Ukraine's success is partly due to the resolve of the Ukrainian people, the weakness of the Russian military, and the strength of Western support, says former Google CEO Eric Schmidt, now the Chair of a thinktank called the Special Competitive Studies Project. 

“But it also owes to the defining new force of international politics: innovation power,” Schmidt wrote in Foreign Affairs magazine. “Innovation power is the ability to invent, adopt, and adapt new technologies.” 

The ability to innovate faster and better – the foundation on which military, economic, and cultural power now rest, says Schmidt – will also determine the outcome of the great-power competition between the United States and China. 

Innovation power is just as important for businesses as it is for armies and nations. Accounting firms don’t talk about innovation power but they definitely feel its absence, especially in times of great change. Such as the times we are living through now, with the introduction of ground-breaking technologies like generative AI tools.   

You hear it in the phrase, “We’re worried about being left behind”. It’s a reasonable fear. A firm that falls behind in its use of technology will become less competitive, eventually losing customers and revenue. Here's why.   

  • Technology drives productivity. If you can deliver a service for less money, then you can make bigger margins and expand your sales territory or lower prices and increase demand. Either way you win more customers and can increase revenue and profit.  

  • Technology drives quality. A higher quality service commands a higher price.

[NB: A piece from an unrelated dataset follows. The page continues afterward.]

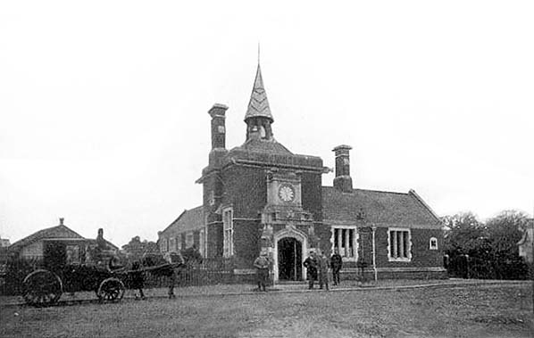 ![]() Station Name: STANMORE VILLAGE![]() The church-like station building at Stanmore before April 1904 (the date this postcard was sent). Behind the camera is what was then Station Road, with Old Church Lane off to the left and Gordon Avenue off to the right. A horse-drawn cab waits for pasengers. The goods shed is seen in the distance behind the cab. Photo from John Mann collection ![]()
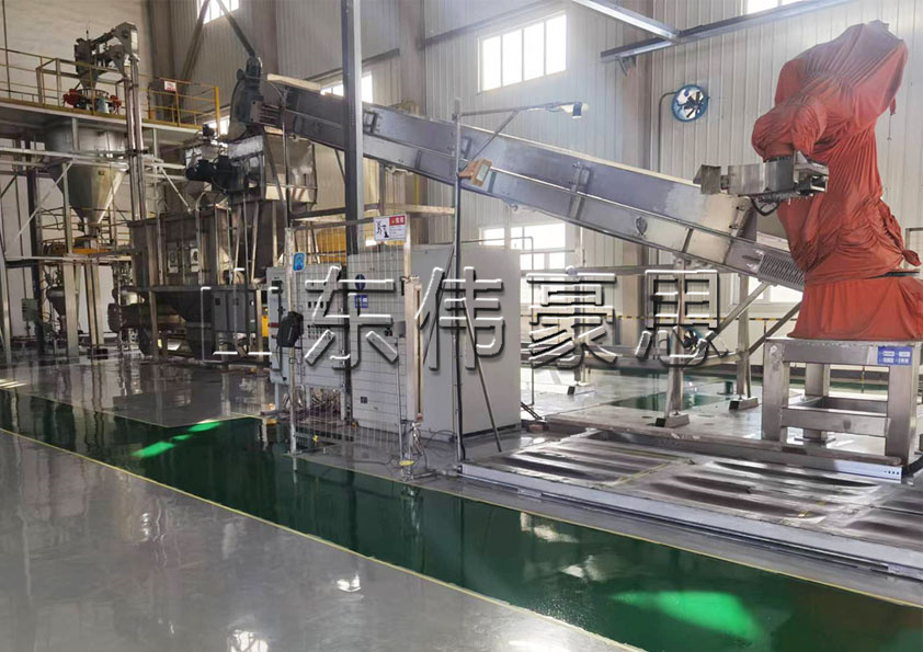 山東偉豪思碳酸鈣全自動拆包機器人的作業(yè)進(jìn)程,具體如下:

This is particularly true in advisory. If you can present reports to clients that include operational as well as financial data, the report’s insights will be more valuable, and they will pay more for it.  

  • Technology drives staff attraction and retention. Everyone likes to work with efficient systems that are easy to use. See Xero’s tagline, “Beautiful software”. No-one likes to work with old software that takes more steps to do the same task or is confusing to use. Why do young employees in particular want to work on newer systems? The knowledge required to use newer systems is a bankable skill. Future employers want employees with these skills. The knowledge to use old systems is not a bankable skill. Employers will see these skills as irrelevant and may judge you for it.  

So, the fear of being left behind is valid. Technology is intrinsically linked to the prosperity and, ultimately, the survivability of a firm. You would be hard pressed to find a firm that refuses to use cloud accounting software these days.  

How do firms avoid being left behind? We need to understand what is behind the fear first.  

The fear of being left behind is not about missing out on a particular technology. It doesn’t take too many goes around the block to realise there is no silver bullet.  

If it’s not a particular software, what are firms really looking for? Firms – every business – needs a way to consistently test and adopt technology. This is innovation power, and it requires three things.  

  • Process. If you don’t have a process for testing and adopting technology then you are leaving it to individual employees to do it themselves on their own time and initiative. You end up with a piecemeal approach with some teams moving faster than others, inconsistent client experience, and a lack of oversight of client data. This can lead to unhappy customers, frustrated employees, and security breaches.  

  • Culture. Process is necessary but not sufficient. If the firm doesn’t have a culture that values the importance of technology, it won’t commit budget (billable time and money) to ensuring that new technology and processes are rolled out firm wide. It also won’t give employees in all teams the time to experiment with new tools or the tools they already have. The classic case is a firm that buys all the latest software but never invests the time to learn how to use it. Software is not a magic wand; you need to spend time learning how to turn innovation into productivity. Everyone knows when the culture doesn’t support technology and innovation. It leads to frustrated employees (again), low morale and staff turnover.  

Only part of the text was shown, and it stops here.